Synthetic Agents for the Federal Aviation Administration’s (FAA’s) Next Generation Air Traffic Control Systems (NextGen)
In anticipation of the Federal Aviation Administration’s Next Generation Air Traffic Control System (NextGen), advanced modeling and simulation methods are needed to provide enhanced training and simulation. One of the challenges expressed by the FAA is that in preparation for transition to NextGen, changes in existing controller roles, responsibilities and tasks need to be explored in a simulated fashion in order to empirically assess the optimal mix of roles and responsibilities. Intelligent agents represent a promising technology for measuring the necessary exploration of multiple combinations of alternative task/role/responsibility configurations. CHI Systems is using its Advanced Speech Interactive Synthetic Teammate Authoring Toolkit® (ASIST‐AT®) to develop synthetic pilot and air traffic controller models based on a representative sample of ATC tasks, with sufficient richness to interact behaviorally and verbally with human controllers and pilots in simplified Human‐in‐the‐loop (HITL) experiments.
Joint Systems Engineering Methodology (JSEM)
CHI Systems developed a systems development (SD) methodology that draws on the strengths of existing SD approaches in addition to the offerings of cognitive systems engineering (CSE).

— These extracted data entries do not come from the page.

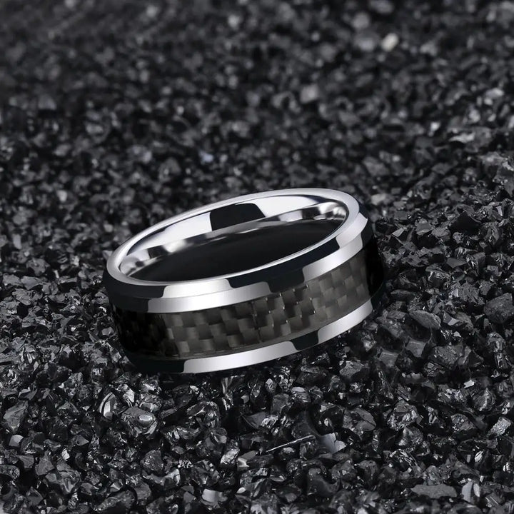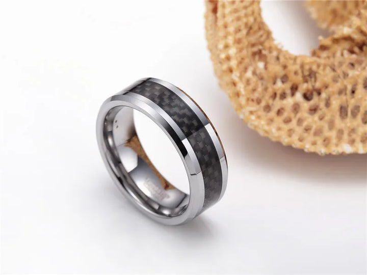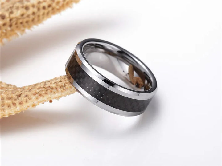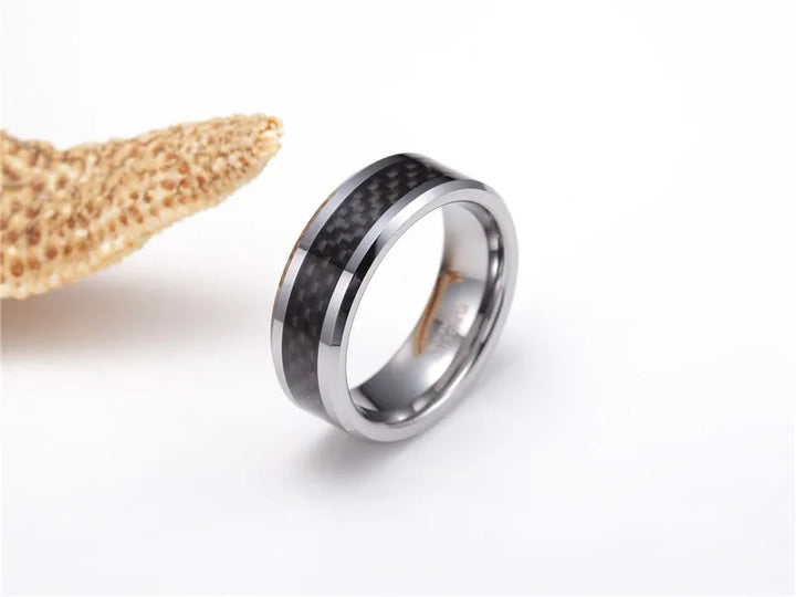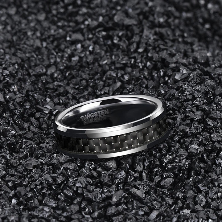 Tigrade 6/8mm Black Carbon Fiber Men's Ring Tungsten Carbide Engagement Ring Wedding Band Men Women Design anel mascul
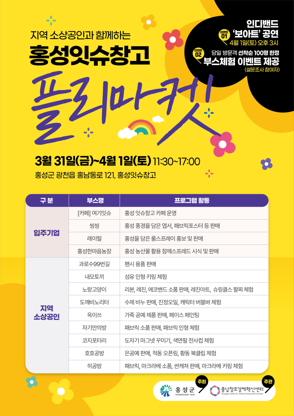 이번 플리마켓은 홍성군이 주최하고 (재)충남창조경제혁신센터가 주관하며, 잇슈창고에 입주한 청년창업기업 △여기잇슈 △레이럴 △씽씽 △홍성한마음농장을 주축으로, 홍성 지역 ‘콩콩콩예술협동조합’ 소속 업체 등 지역 소상공인 13개 업체가 참여한다.
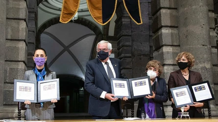 Junto con la jefa de Gobierno, el rector Enrique Graue canceló una estampilla postal por los 100 años del escudo y del lema universitario.
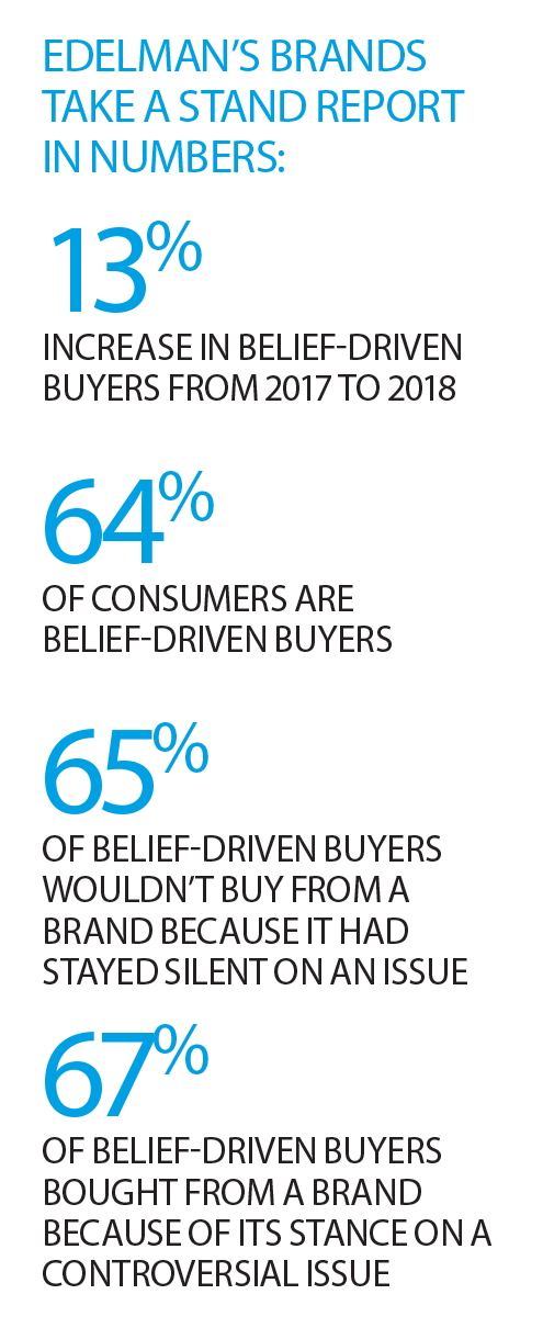 Customers base their buying decisions not only on features and price, but on the entire buying experience, which includes what a brand stands for and how those values are reflected in practice – from diversity and inclusion to sustainability and the environment. Understanding a customer’s perceptions about a brand also includes understanding their personal values. Purpose-driven purchasing is having a big impact on companies. In fact, according to the 2018 Edelman Earned Brand: Brands Take a Stand report, almost two thirds of consumers across the globe base their purchase decisions on what they perceive a brand’s beliefs to be. They are choosing, switching, avoiding or boycotting brands based on the brand’s perceived stance on societal issues.

The methodology is called the Joint Systems Engineering Methodology, (JSEM) a name that refers to the dual and complementary objectives of designing systems that treat humans and machines as co-dependent and joint contributors to cognitive work and of achieving collaboration among the various disciplines that participate in SD.
This effort derived from the need for systems development frameworks and methods that better accommodate the design of systems to be used in increasingly complex and information-rich work environments—i.e., complex, cognitive systems. The work additionally was based on the premise that the CSE discipline, with its emphasis on designing for complex cognitive work environments, may be a rich and valuable source of principles and methods for providing SD with the improvements it needs as it faces increasingly complicated development environments and objectives.
The development of the JSEM framework and methodology for SD was based on the results of activities that include the assessment of past SD cases and critical analyses of SD; case-based interviews with SD and systems engineering professionals to identify obstacles and opportunities for improving current SD practices; and the review and assessment of CSE methods that are relevant to identified obstacles and opportunities for improvements.